* **Activity**: Return exactly those lines of the material below that fall between the line holding "Если пылесос не" and the line holding "ハンドルが伸縮するので、載せ", inclusive.

* **Record set**:
------------------------------------------------------------------------

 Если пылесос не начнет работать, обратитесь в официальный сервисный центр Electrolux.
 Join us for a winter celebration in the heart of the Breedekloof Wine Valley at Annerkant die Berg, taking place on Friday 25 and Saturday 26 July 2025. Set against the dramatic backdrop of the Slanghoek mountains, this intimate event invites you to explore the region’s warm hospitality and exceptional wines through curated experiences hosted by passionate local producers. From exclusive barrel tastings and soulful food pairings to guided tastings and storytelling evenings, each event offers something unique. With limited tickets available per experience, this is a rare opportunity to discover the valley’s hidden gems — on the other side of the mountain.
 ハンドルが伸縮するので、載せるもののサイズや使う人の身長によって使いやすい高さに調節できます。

------------------------------------------------------------------------

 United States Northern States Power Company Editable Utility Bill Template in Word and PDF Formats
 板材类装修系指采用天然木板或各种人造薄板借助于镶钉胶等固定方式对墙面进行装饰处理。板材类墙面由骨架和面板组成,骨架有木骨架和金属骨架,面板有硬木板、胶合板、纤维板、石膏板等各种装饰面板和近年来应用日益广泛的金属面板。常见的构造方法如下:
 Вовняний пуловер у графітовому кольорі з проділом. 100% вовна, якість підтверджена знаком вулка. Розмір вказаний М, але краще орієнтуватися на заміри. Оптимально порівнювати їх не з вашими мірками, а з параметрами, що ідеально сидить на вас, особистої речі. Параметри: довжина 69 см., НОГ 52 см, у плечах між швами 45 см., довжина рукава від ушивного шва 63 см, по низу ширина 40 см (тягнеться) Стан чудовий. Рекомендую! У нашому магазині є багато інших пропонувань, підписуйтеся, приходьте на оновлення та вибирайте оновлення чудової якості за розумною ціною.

------------------------------------------------------------------------

* **Answer to this exercise**:
 Если пылесос не начнет работать, обратитесь в официальный сервисный центр Electrolux.
 Join us for a winter celebration in the heart of the Breedekloof Wine Valley at Annerkant die Berg, taking place on Friday 25 and Saturday 26 July 2025. Set against the dramatic backdrop of the Slanghoek mountains, this intimate event invites you to explore the region’s warm hospitality and exceptional wines through curated experiences hosted by passionate local producers. From exclusive barrel tastings and soulful food pairings to guided tastings and storytelling evenings, each event offers something unique. With limited tickets available per experience, this is a rare opportunity to discover the valley’s hidden gems — on the other side of the mountain.
 ハンドルが伸縮するので、載せるもののサイズや使う人の身長によって使いやすい高さに調節できます。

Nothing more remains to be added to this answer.